Reading all the great writers, and honing in especially on C.S.Lewis and his friends, brought me to the brink of Britain. Other boys wanted to be football or basketball stars, millionaires, politicians, engineers, businessmen, lawyers, and doctors. My aim was to be an Anglican country parson. T.S. Eliot and George Herbert were my role models: the first because he went to live in England in a personal rejection of America; the second because he retreated from the world to a country parish to minister humbly and write some of the finest poetry in the English language.

I see now that one of the themes that links their lives is the element of retreat and escapes. They ran away: Eliot from the sterile and stuffy establishment expectations of Harvard, Herbert from the worldly ambition of university and court, privilege and patronage. I wanted to beat a similar retreat, and took heart in Eliot’s observation, “In a world of fugitives, the person taking the opposite direction will appear to run away.”

So, when the opportunity arose to study theology at Oxford, I made my escape. With great excitement, I bought a one-way ticket to England.

I will never forget the taxi ride from the station to the imposing Victorian edifice of Wycliffe Hall on the Banbury Road. Still groggy from jet lag, I looked out the window on the streets of the great city of Oxford. We drove past the Randolph Hotel and the Ashmolean Museum, then we turned north into the wide thoroughfare of St. Giles. The driver pushed through crowds of merrymakers. The street was full of ferris wheels, whirligigs, sideshows, and carnival games. I was shocked. At the very heart of the city of dreaming spires, did they really have an amusement park?

Of course, a few days later the amusements were gone. It was no more than the annual St. Giles’ Fair.

By a combination of Providence and luck (and a good number of pints of ale at the Eagle and Child), I finished my theological training and was ordained as an Anglican priest. After serving ten very happy years in the Church of England, I responded to the inevitable draw of the Catholic Church. By now I was married to an Englishwoman, and I settled as a Catholic layman in the damp lands. I had burnt my bridges and had no contacts other than family back in the USA.

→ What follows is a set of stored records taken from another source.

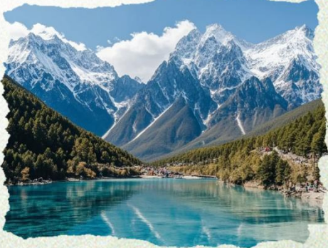
Blue Moon Valley 藍月谷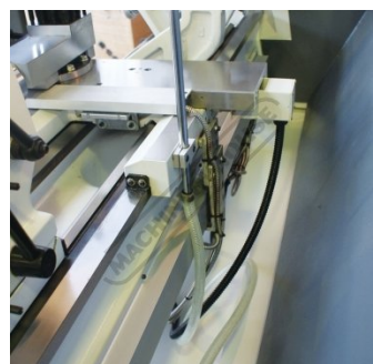
Scale for DRO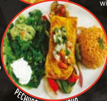
PECHUGA A LA PLANCHA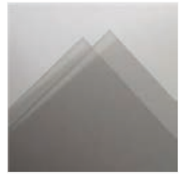
Window Sheets - 142314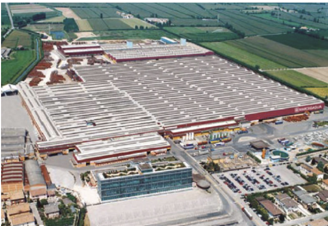
Aerial view of Gazoldo degli Ippoliti

It consists of 38 buildings of about 80 m x 100 m.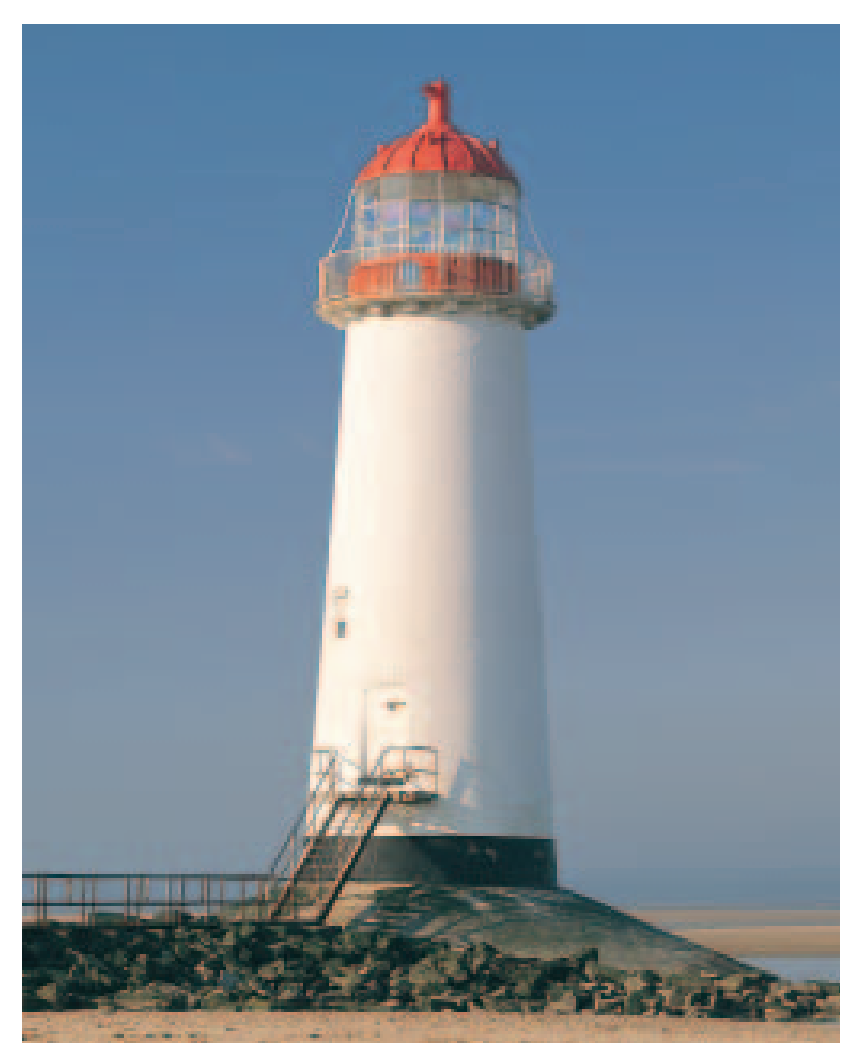
The lighthouse at Point of Ayr, Flintshire, was built in 1777 and its lantern may be the earliest in Wales. It is listed Grade II.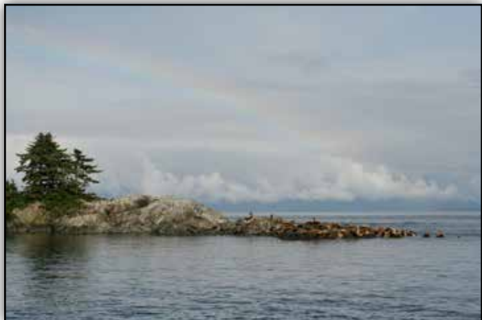
The Stellar's Sea Lion haul out along Brothers Islands is very picturesque.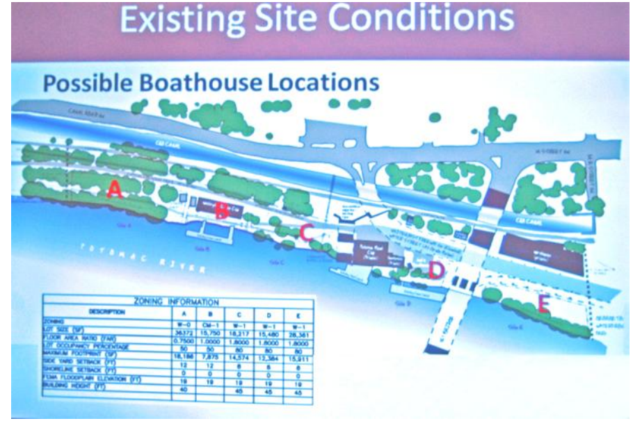
Illustratiive map of the proposed NPS-designated NMBZ sites (A-E)

Then, through another series of unforeseeable events, the door opened for me to return not only to the United States but to Greenville, South Carolina, to be ordained as a Catholic priest.

I had run from America to England, and now after twenty-five years, it was time to come home. Soon after settling back in South Carolina, I had the opportunity to wend my way home from a speaking engagement in Augusta, Georgia.

Instead of the boring interstate, I decided to take the country roads home.

This poem was the result, and it sums things up pretty well.

Driving Home

“Save a half hour,” my host said, “and leave town
driving North ‘cross country on Highway One.”
So on a balmy day in May I set off
to travel home across the rural south.

The road ran past broken farms, peach orchards,
Bar BQ joints, quaint old towns and junkyards;
trailer parks and dilapidated shacks—
the homes of poor white folks and poorer blacks.

With stenciled signs the country churches wore
their ignorance with pride and proclaimed their war
on the world, the flesh and the devil
in names wild and apocalyptical.

Almighty Fire Temple Missionary
New Testament Church of God Prophecy
Mount Pisgah Methodist Episcopal
Church of the Revival of Reverend Irascible.

Twenty-five years ago I fled all this;
seeking sanity, refuge and release.
All I found were other forms of madness,
poverty, despair, anger, lust and stress.

Worst of all, after time, I woke to find
these terrors lodged deep in my own heart and mind.
Like a birth defect, they’d been there all along;
It wasn’t my world, but my heart which was wrong.

So now, with a sense of humor and shame
I’m ready to accept my part of the blame.
In accepting this I can accept all things,
and in this freedom my heart stops and sings.

As I drive on and the sunsets into night,
each church and farm and face I see is filled with light,
and in my heart and mind a certainty begins to swell:
that, “All shall be well, and all things shall be well.”